Sunday night the Supervisor comes down to the ward and discovers some of the paper work was not filled in and as there was no injury to the patient the RN decided not to contiune with the observations, something this Supervisor loves and believes (mistakenly, I know I looked it up) should be done regardless. Suddenly this was entirely my fault. Of course I wasn't taken aside and spoken to quietly, but chewed out in front of my work colleagues. I explained that the morning RN was in charge but the response was "I don't want to hear your excuses" (BTW this was the same Supervisor who the morning RN had rung to inform of the situation in the first place). Then there was general ranting along the lines of "my incompetence would no longer be tolerated" and then "I had better left my game as she was going to make sure she was the one doing my performace evalution" Again in front of my colleagues.
This really pissed me off. It was not my responability and I have no control over the morning RN (who outranks me anyway) and to be made to look like a incompetent imbecile in front of my colleagues (who do know better, but still not the point) really irked me. As the night progressed I got more and more pissed off. To the point when I came home Monday morning I managed to polish off a bottle of wine in about 15-20 minutes.
Last night was a little better, but my patients decided to be off their tits, driving my colleague and I around the bend (you get nights like that)
As for the Sunday night incident, well.. the morning RN is still claiming full responability and admitted that she forgot to fill in some of the paper work and was quite disgusted that I had to bear the brunt of it, to which I thank her. I have written out a letter of formal complaint and plan to hand it in when I return to work.
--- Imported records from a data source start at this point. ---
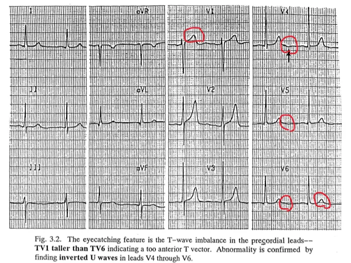 예외없는 abnormal finding은 아니나, inverted U wave 보일 시 다른 abnormal finding을 찾으려고 노력해야한다
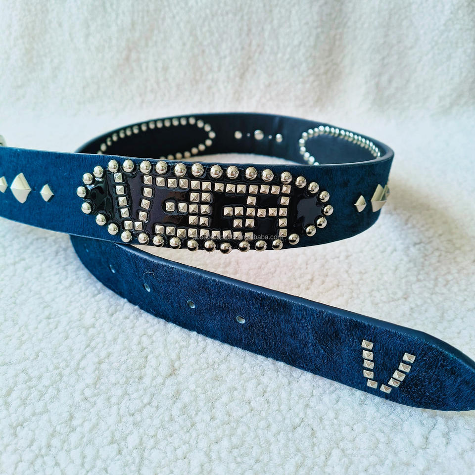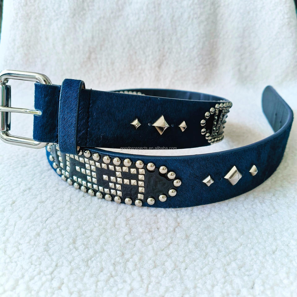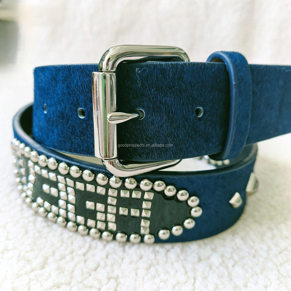 Moda Design rivetto borchie e capelli di cavallo cintura Jeans donna cintura punte in vera pelle nera con fibbia in lega di zinco
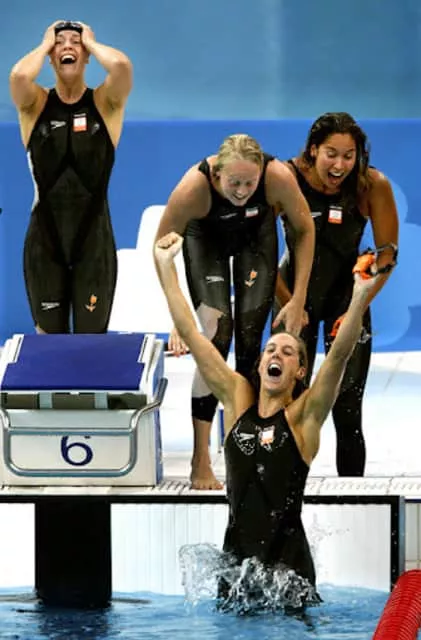 Magdalena Johanna Maria "Marleen" Veldhuis is a retired swimmer from the Netherlands. She was world record holder in four events. Veldhuis won eight world championships gold medals and 20 European championships gold medals.
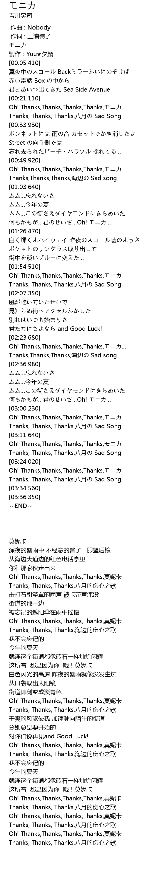 | [03:00.600] | Oh! Thanks,Thanks,Thanks,Thanks,莫妮卡 |
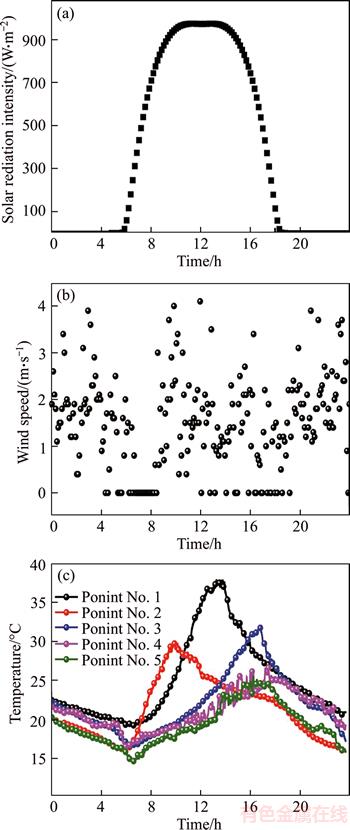 From Figure 4(a), the intensity of solar radiation increased gradually with the sunrise, and reached a peak value of 960 W/m2 at 12 o’clock. And then it decreased to 0 W / m2 gradually with the sunset. Usually, the wind speed was changed randomly, which depends on the detailed weather. Taking point No. 1 for example, the wind speed was measured to vary from 0 m/s to 4.5 m/s (see Figure 4(b)).Although the wind speed is not a dominate factor for the variation of the temperature of the rock face in general, it is vital for the instantaneous change of the temperature, which is important in the establishment of empirical model discussed below.
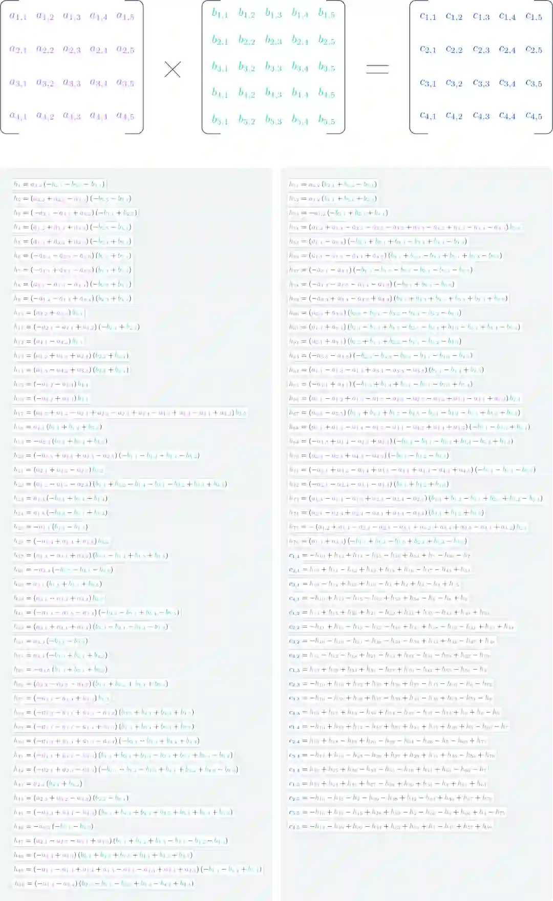 通过研究非常小的矩阵(大小为 2x2),Strassen 发现了一种巧妙的方法来组合矩阵的项以产生更快的算法。之后数十年,研究者都在研究更大的矩阵,甚至找到 3x3 矩阵相乘的高效方法,都还没有解决。
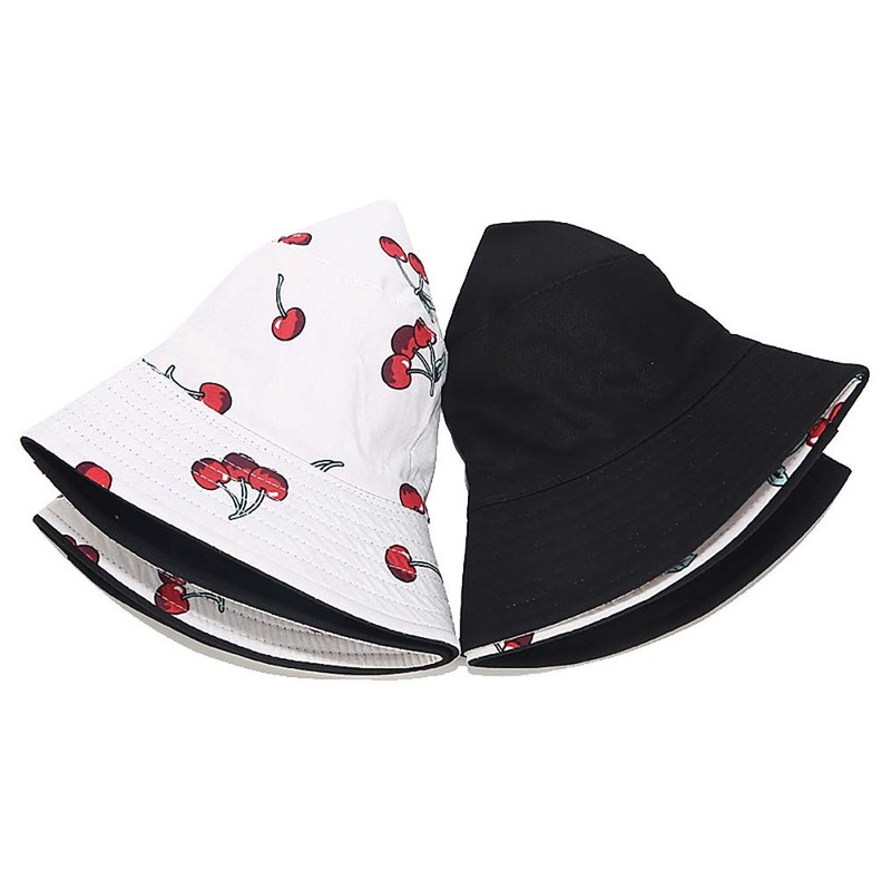 Cherry White Bucket Hat Beach Sun Hat Fishing Hat for Women Men, Outdoor Travel Reversible Double Side Wear Fisherman Hat
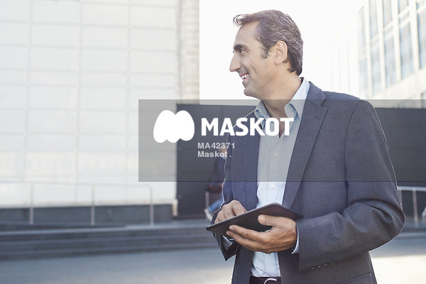 Leende man i kostym med surfplatta utanför kontorsbyggnad
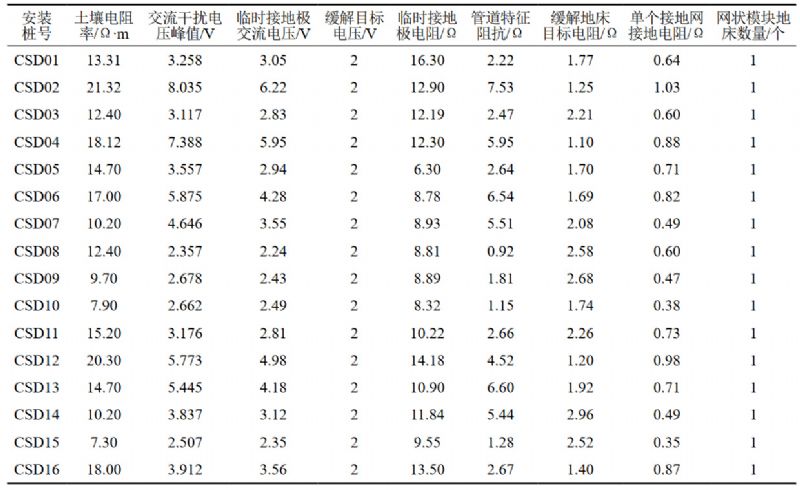 表 1 交流干擾緩解網狀地床安裝位置及參數指標
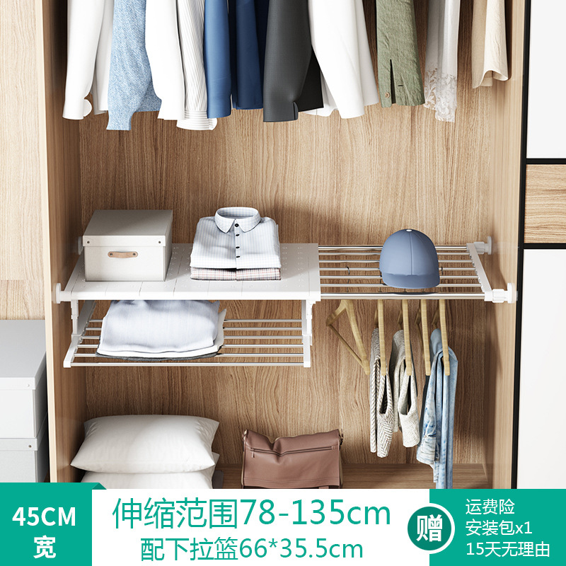 • 흰색 [스테인리스 스틸 폭 45cm] 텔레스코픽 길이 78-135cm (풀 바스켓 66*35.5 첨부)
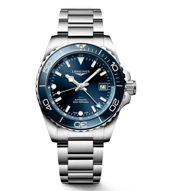 The HydroConquest GMT is also distinguished by its 41 mm-diameter stainless steel case with screw-down back and crown. This model features a new unidirectional notched bezel in blue ceramic with luminescent capsule. The dial is blue. This version comes with a stainless-steel bracelet, or a blue rubber strap.

So the purpose of this blog entry? To vent and bitch. That's what blogs are for right?

3 Comments:
I just can't believe that a healthcare facility is run as badly as it is.
Couple this with all your other stories, I think the place should be shut down and the management euthanised.
Damn man, that does suck some seriously smelly balls. The sooner you finish uni and can get a better job, the better!
Do I get 3 or no guesses on who the supervisor was? It sounds like she hasn't lost any of her small minded pettyness but has in fact ramped it up quite a good deal. Thank goodness I don't have to put up with it any more. Nat, my most heartfelt comiserations
(ps - Damn man, that does suck some seriously smelly balls. The sooner you finish uni and can get a better job, the better!)